Dataset records:
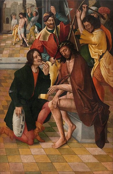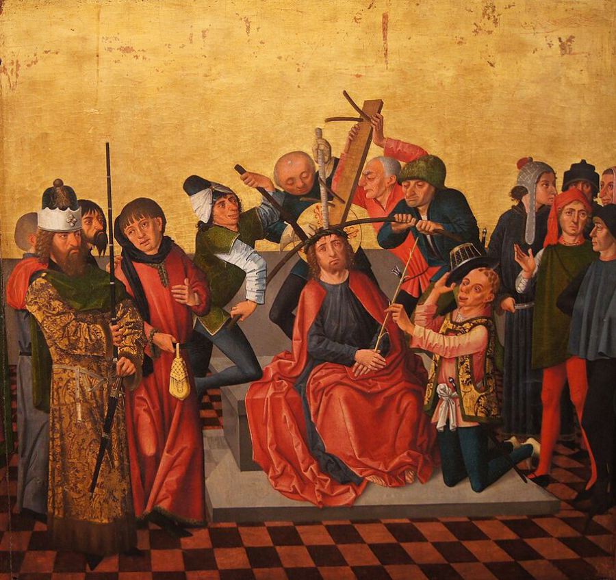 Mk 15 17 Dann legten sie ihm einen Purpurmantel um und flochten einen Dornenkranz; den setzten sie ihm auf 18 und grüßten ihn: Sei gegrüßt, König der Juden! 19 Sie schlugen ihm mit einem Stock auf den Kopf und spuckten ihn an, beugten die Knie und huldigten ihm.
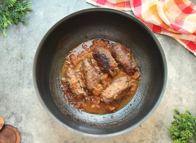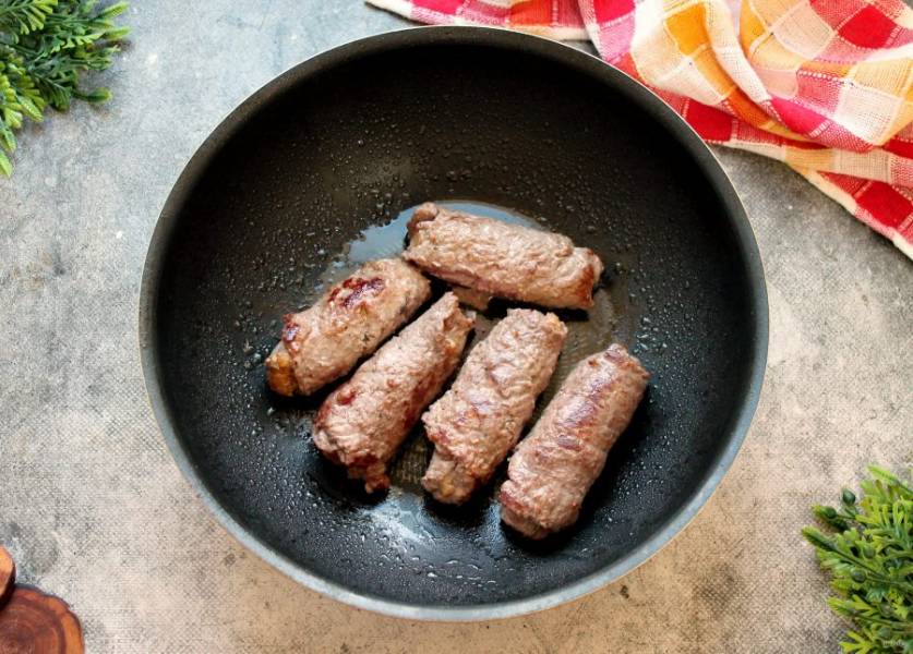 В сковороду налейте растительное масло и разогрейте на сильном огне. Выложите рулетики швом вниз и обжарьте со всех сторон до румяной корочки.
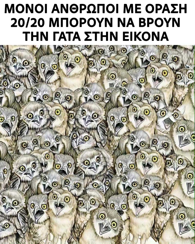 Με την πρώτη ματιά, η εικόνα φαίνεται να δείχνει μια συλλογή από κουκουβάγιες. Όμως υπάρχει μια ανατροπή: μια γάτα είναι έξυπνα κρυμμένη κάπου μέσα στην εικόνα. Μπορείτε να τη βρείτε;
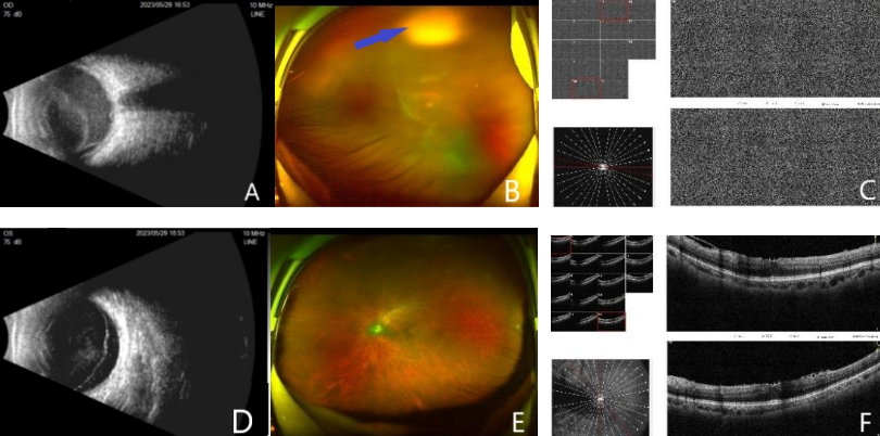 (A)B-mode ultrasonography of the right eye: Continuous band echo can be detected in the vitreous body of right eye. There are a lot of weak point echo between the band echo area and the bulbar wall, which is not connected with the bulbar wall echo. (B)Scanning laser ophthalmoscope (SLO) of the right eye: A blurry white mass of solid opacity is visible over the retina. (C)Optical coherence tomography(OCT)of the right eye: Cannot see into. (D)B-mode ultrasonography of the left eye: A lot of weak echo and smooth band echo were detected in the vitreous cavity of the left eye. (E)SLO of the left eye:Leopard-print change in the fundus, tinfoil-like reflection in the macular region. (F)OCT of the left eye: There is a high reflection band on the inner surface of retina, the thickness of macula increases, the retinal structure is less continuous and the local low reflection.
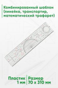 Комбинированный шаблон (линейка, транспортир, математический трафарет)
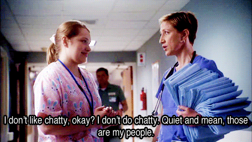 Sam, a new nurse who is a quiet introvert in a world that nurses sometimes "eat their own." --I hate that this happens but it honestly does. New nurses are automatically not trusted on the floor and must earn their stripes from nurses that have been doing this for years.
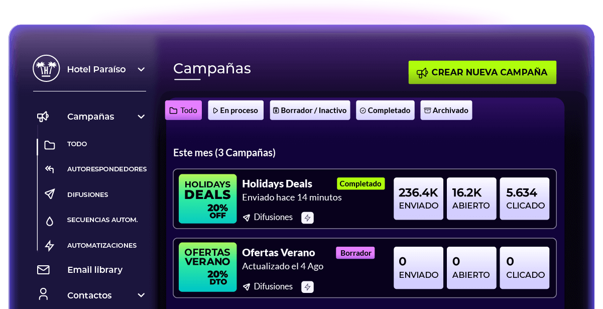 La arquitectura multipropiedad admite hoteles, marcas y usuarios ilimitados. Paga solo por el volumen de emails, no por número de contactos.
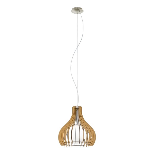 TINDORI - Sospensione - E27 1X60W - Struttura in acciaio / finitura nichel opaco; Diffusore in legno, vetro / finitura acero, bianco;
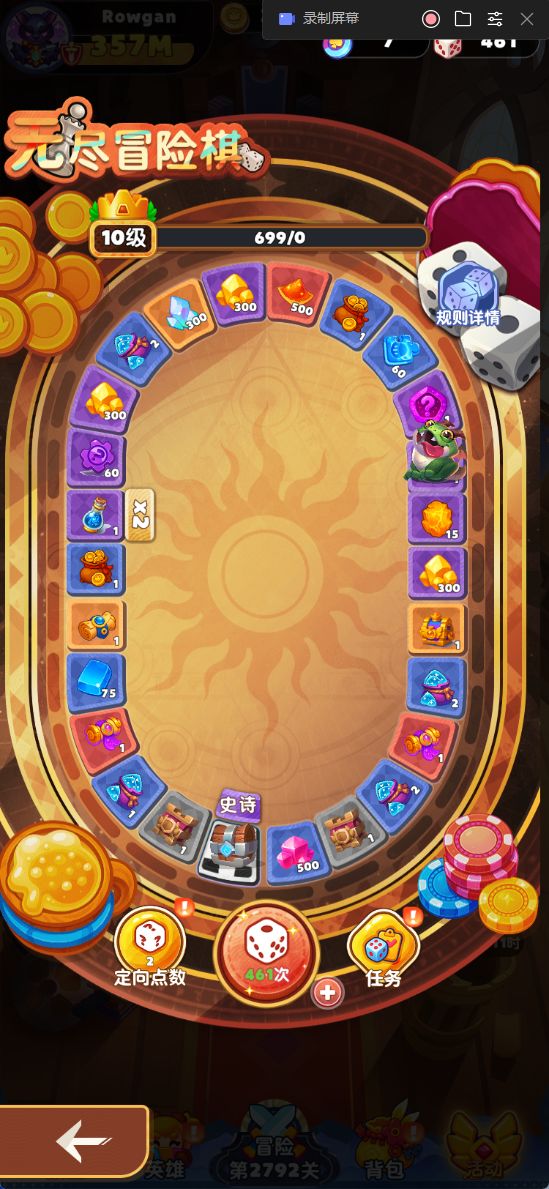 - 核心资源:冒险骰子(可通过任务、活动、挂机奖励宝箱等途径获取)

HOW TO COMPLETE THIS TASK: Your task is to transcribe exactly the lines from the one containing "La arquitectura multipropiedad" through the final line of the entries above, pictures excluded.

WRITTEN SOLUTION:
 La arquitectura multipropiedad admite hoteles, marcas y usuarios ilimitados. Paga solo por el volumen de emails, no por número de contactos.
 TINDORI - Sospensione - E27 1X60W - Struttura in acciaio / finitura nichel opaco; Diffusore in legno, vetro / finitura acero, bianco;
 - 核心资源:冒险骰子(可通过任务、活动、挂机奖励宝箱等途径获取)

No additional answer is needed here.